## WORK REQUEST:
Please transcribe exactly, and only, the lines of the data below between the line holding "El Honorable Ayuntamiento" and the line holding "2026年5月15日,中國(guó)光谷", inclusive.

## EXTRACTED INFORMATION:
--- --- ---

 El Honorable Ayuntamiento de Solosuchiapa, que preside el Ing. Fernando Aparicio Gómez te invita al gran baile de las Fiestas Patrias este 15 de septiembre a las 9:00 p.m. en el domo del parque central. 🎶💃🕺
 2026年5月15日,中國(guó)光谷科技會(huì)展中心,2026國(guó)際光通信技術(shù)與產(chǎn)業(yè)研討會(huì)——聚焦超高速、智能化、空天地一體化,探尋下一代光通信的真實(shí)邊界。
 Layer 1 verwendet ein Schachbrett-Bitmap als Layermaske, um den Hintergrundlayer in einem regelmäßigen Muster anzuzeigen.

--- --- ---

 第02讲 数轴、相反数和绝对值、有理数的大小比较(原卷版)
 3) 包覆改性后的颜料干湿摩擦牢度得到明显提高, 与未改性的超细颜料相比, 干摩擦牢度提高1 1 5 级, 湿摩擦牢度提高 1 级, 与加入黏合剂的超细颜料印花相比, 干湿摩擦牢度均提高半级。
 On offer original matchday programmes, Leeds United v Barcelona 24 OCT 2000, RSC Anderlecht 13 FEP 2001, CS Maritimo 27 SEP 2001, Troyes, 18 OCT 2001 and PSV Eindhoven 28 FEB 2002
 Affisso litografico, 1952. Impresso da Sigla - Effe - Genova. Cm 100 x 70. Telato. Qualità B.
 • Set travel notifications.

--- --- ---

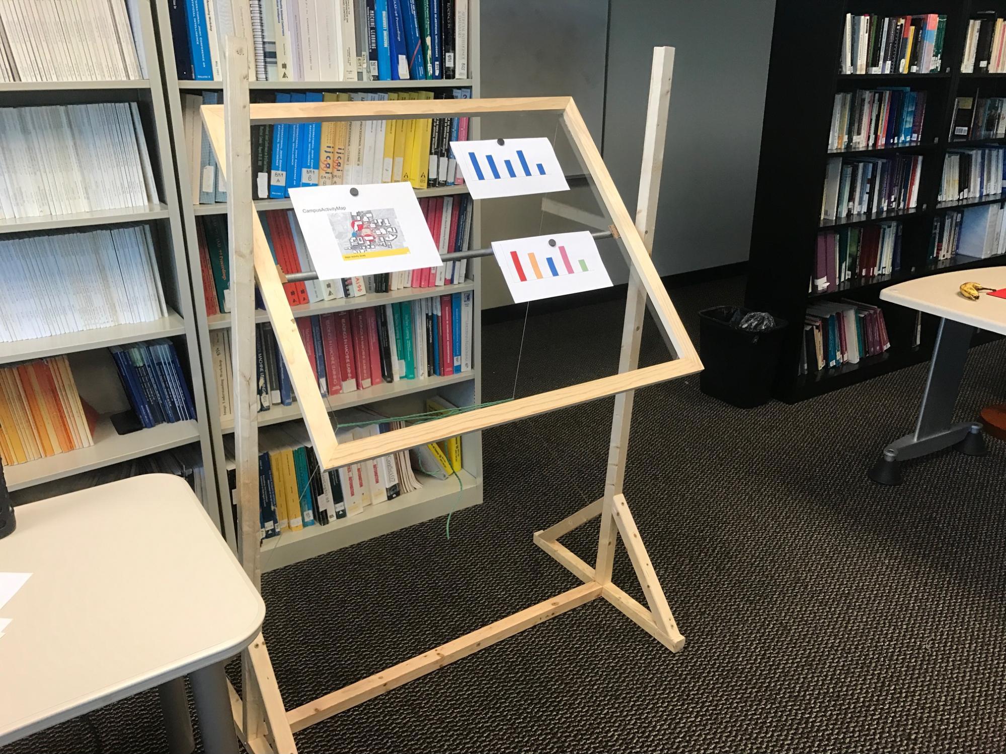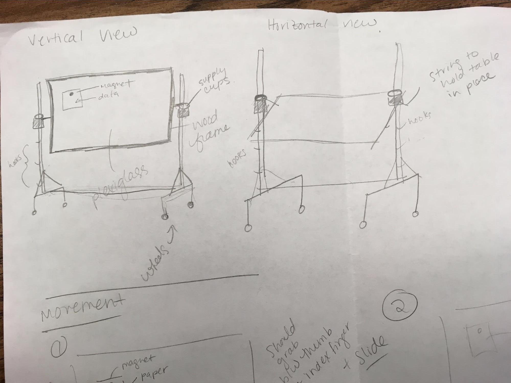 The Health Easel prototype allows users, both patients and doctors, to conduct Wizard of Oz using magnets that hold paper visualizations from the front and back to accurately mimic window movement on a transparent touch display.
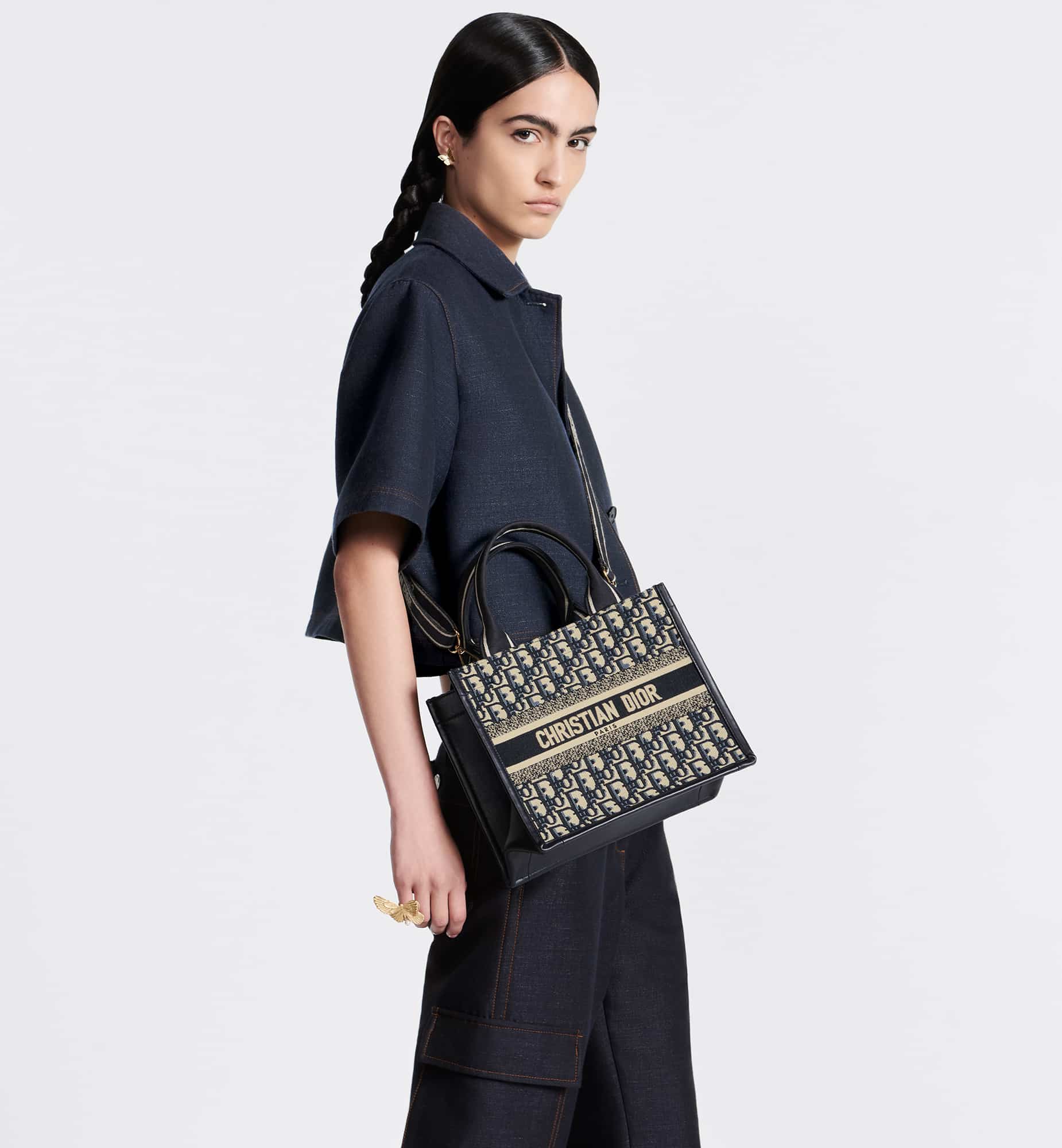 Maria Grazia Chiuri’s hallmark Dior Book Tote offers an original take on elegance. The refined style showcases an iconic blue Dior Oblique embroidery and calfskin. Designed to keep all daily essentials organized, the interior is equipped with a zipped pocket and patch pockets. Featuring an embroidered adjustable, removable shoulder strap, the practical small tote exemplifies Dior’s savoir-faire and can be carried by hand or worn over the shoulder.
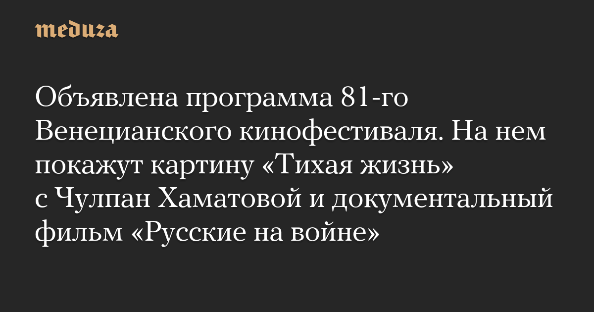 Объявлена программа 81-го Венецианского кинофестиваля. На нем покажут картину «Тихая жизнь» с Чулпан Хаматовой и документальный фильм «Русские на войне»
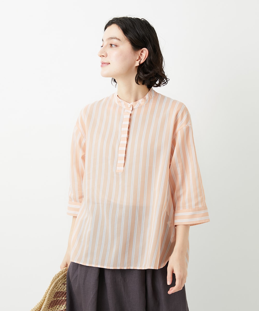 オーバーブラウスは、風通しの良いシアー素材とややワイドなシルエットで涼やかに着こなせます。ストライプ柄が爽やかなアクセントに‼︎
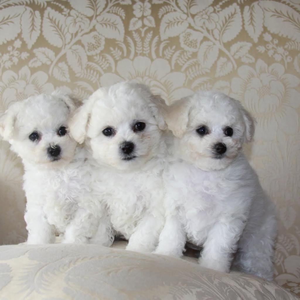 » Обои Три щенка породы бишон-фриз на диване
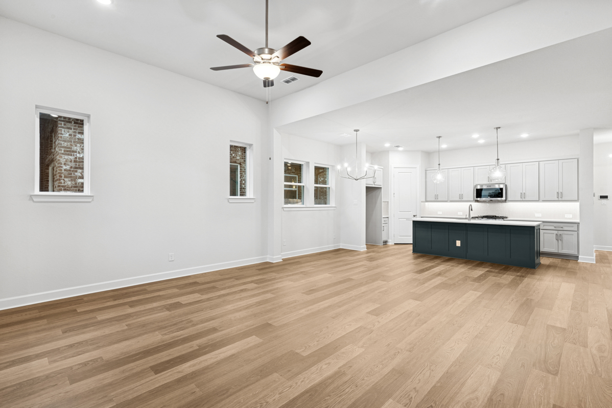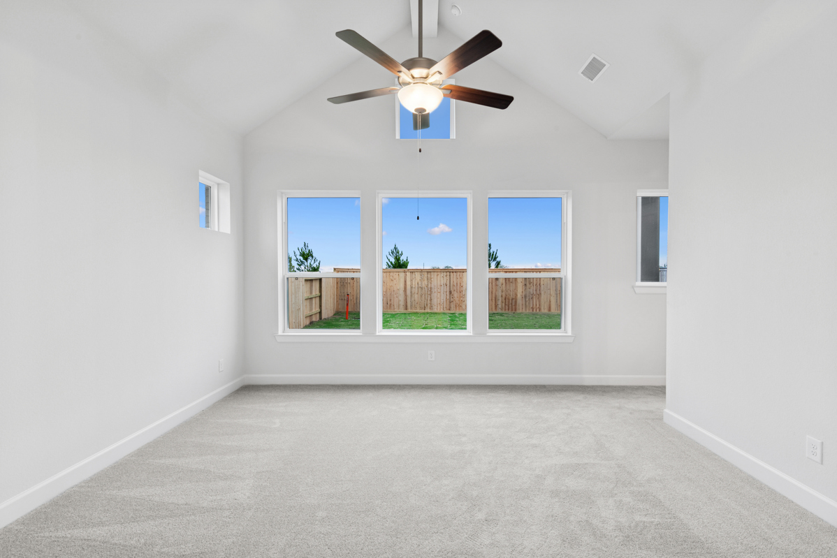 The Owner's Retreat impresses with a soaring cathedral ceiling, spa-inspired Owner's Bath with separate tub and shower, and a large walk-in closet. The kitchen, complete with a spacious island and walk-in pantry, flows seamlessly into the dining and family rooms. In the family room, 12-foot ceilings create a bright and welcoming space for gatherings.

--- --- ---

## THE ANSWER:
 El Honorable Ayuntamiento de Solosuchiapa, que preside el Ing. Fernando Aparicio Gómez te invita al gran baile de las Fiestas Patrias este 15 de septiembre a las 9:00 p.m. en el domo del parque central. 🎶💃🕺
 2026年5月15日,中國(guó)光谷科技會(huì)展中心,2026國(guó)際光通信技術(shù)與產(chǎn)業(yè)研討會(huì)——聚焦超高速、智能化、空天地一體化,探尋下一代光通信的真實(shí)邊界。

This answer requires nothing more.